Task to complete:
Within the lines below, the span from the line with "内搭她选了基础款黑色连帽卫衣" to the line with "I can't explain", both ends included, is to be reproduced exactly, with pictures omitted.

Data under study:
_ _ _ _ _

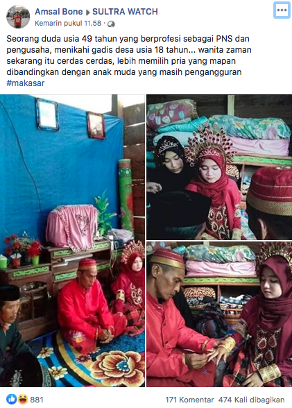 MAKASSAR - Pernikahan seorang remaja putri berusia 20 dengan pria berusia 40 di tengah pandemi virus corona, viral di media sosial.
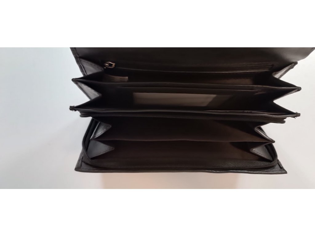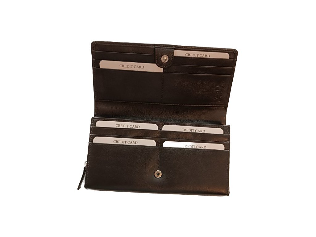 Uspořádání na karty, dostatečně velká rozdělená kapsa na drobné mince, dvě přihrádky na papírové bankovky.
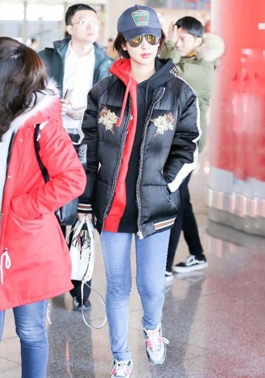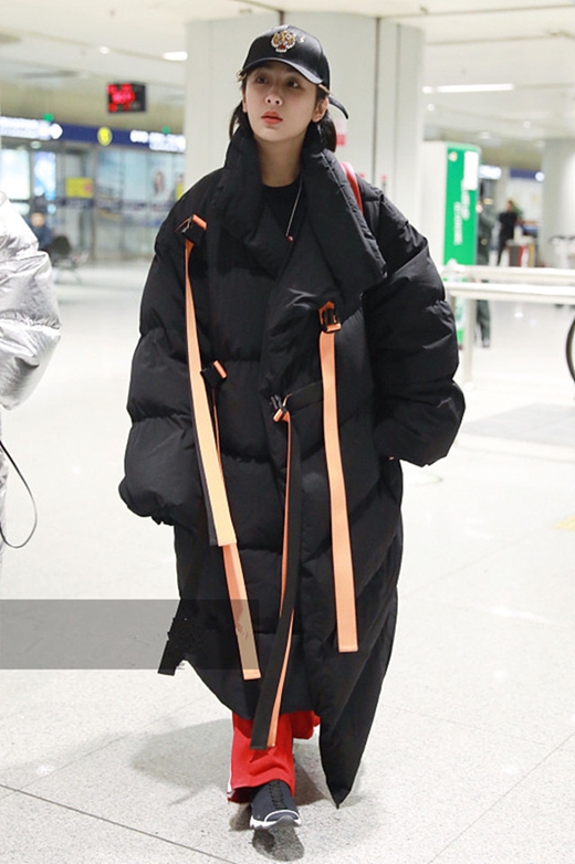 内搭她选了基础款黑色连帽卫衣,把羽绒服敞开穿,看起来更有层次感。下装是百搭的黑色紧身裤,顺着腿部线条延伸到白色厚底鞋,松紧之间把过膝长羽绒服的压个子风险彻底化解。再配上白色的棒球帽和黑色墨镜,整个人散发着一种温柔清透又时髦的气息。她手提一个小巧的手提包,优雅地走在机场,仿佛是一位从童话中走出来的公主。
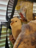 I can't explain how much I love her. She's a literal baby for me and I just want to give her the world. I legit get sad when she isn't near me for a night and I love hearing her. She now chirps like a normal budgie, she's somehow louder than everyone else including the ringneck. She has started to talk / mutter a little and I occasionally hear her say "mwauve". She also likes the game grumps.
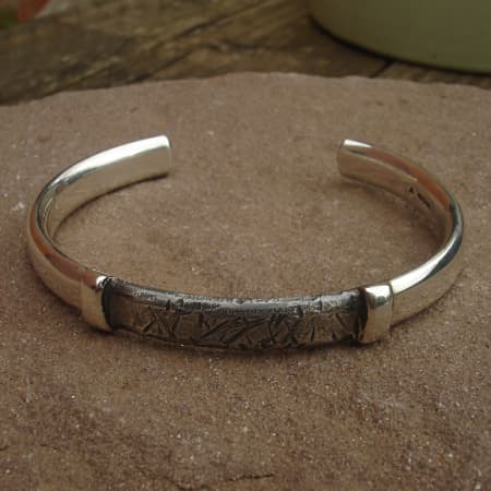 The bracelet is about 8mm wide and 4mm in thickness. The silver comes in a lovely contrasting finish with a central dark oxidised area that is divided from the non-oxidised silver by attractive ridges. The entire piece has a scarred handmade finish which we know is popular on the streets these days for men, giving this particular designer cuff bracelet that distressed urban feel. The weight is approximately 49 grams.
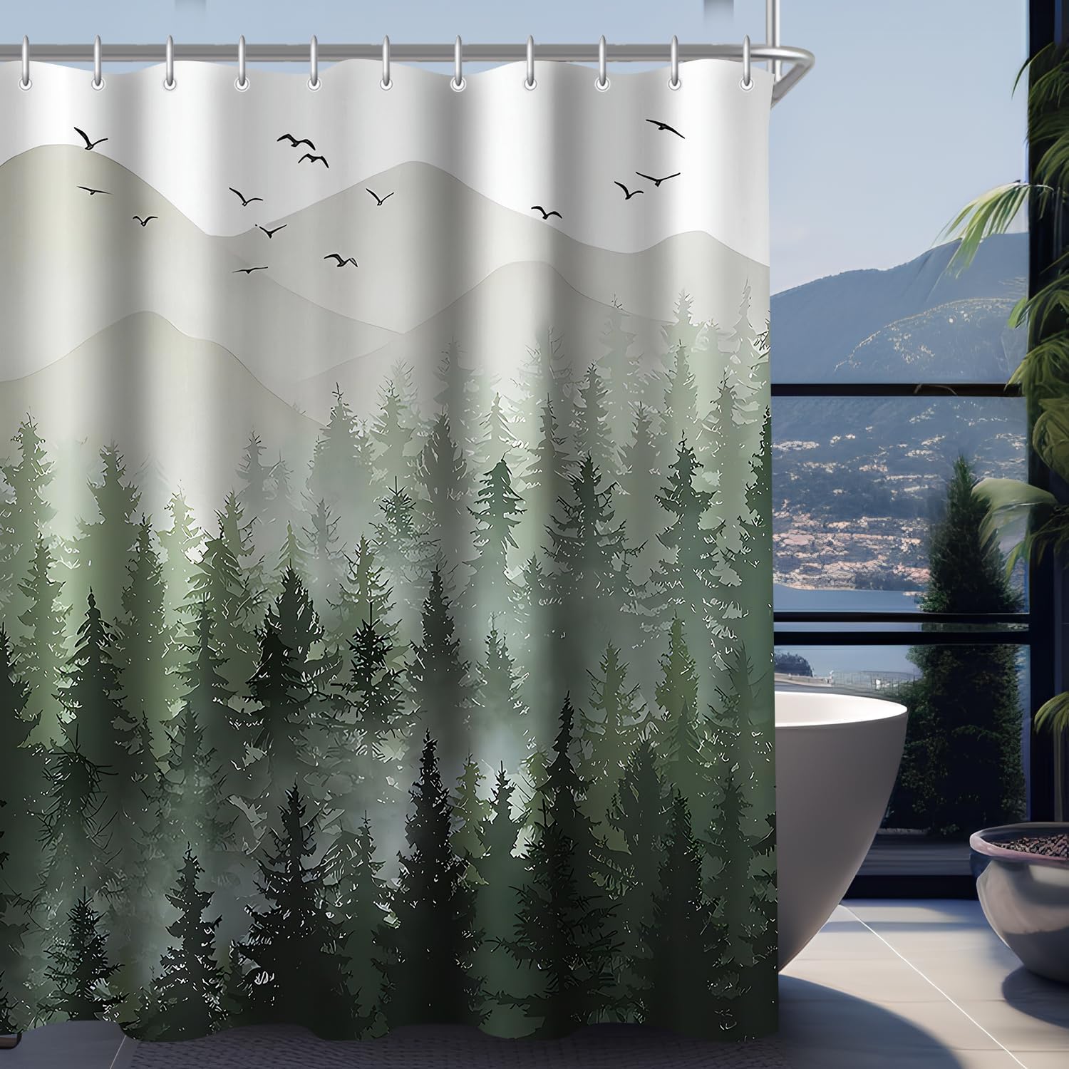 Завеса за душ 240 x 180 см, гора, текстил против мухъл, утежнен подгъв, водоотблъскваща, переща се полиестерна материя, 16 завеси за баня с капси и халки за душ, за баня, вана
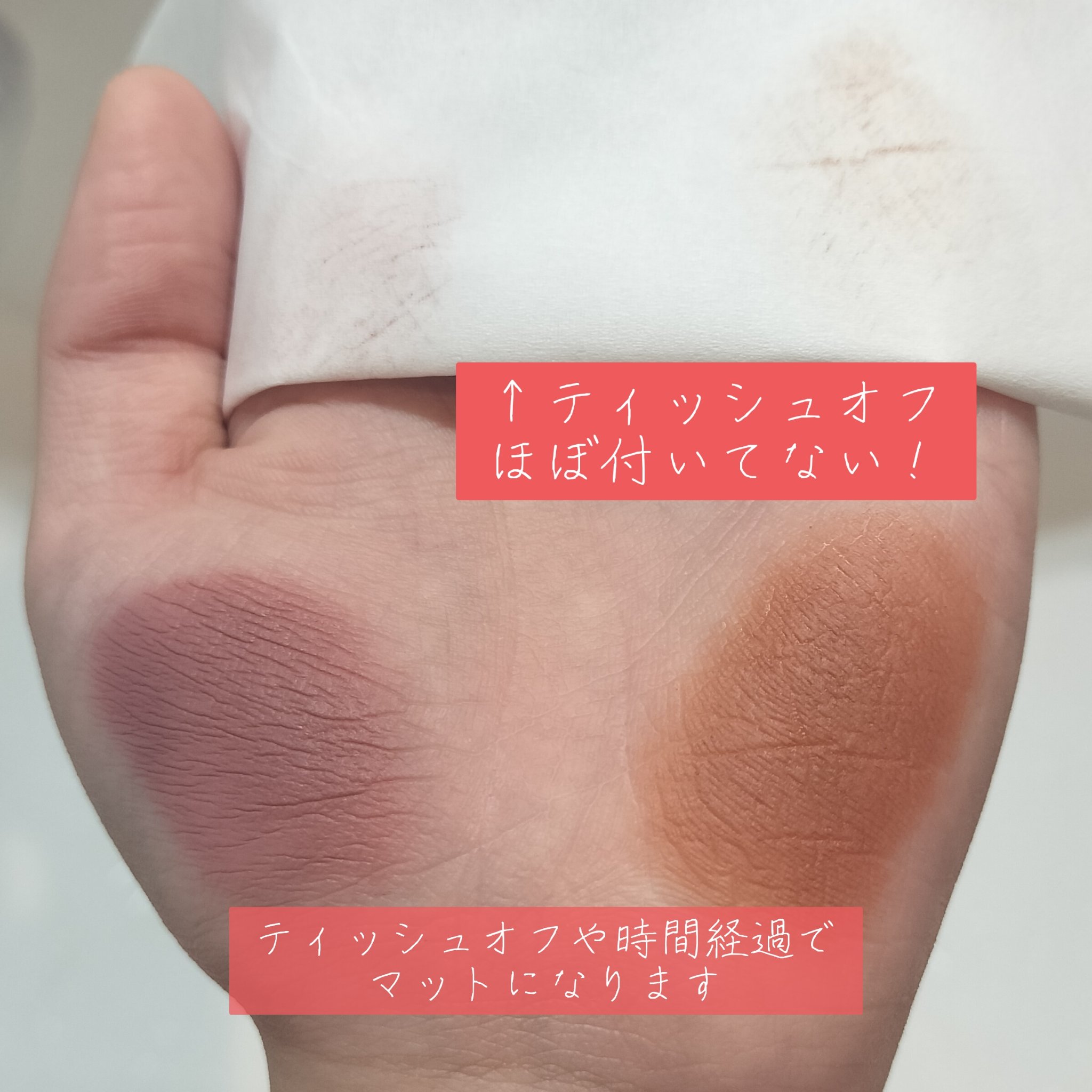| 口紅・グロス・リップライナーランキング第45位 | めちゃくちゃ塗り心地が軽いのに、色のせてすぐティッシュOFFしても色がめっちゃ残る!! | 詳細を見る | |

_ _ _ _ _

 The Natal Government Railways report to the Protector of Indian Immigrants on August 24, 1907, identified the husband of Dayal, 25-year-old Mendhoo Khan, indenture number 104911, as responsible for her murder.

_ _ _ _ _

Answer to the problem:
 内搭她选了基础款黑色连帽卫衣,把羽绒服敞开穿,看起来更有层次感。下装是百搭的黑色紧身裤,顺着腿部线条延伸到白色厚底鞋,松紧之间把过膝长羽绒服的压个子风险彻底化解。再配上白色的棒球帽和黑色墨镜,整个人散发着一种温柔清透又时髦的气息。她手提一个小巧的手提包,优雅地走在机场,仿佛是一位从童话中走出来的公主。
 I can't explain how much I love her. She's a literal baby for me and I just want to give her the world. I legit get sad when she isn't near me for a night and I love hearing her. She now chirps like a normal budgie, she's somehow louder than everyone else including the ringneck. She has started to talk / mutter a little and I occasionally hear her say "mwauve". She also likes the game grumps.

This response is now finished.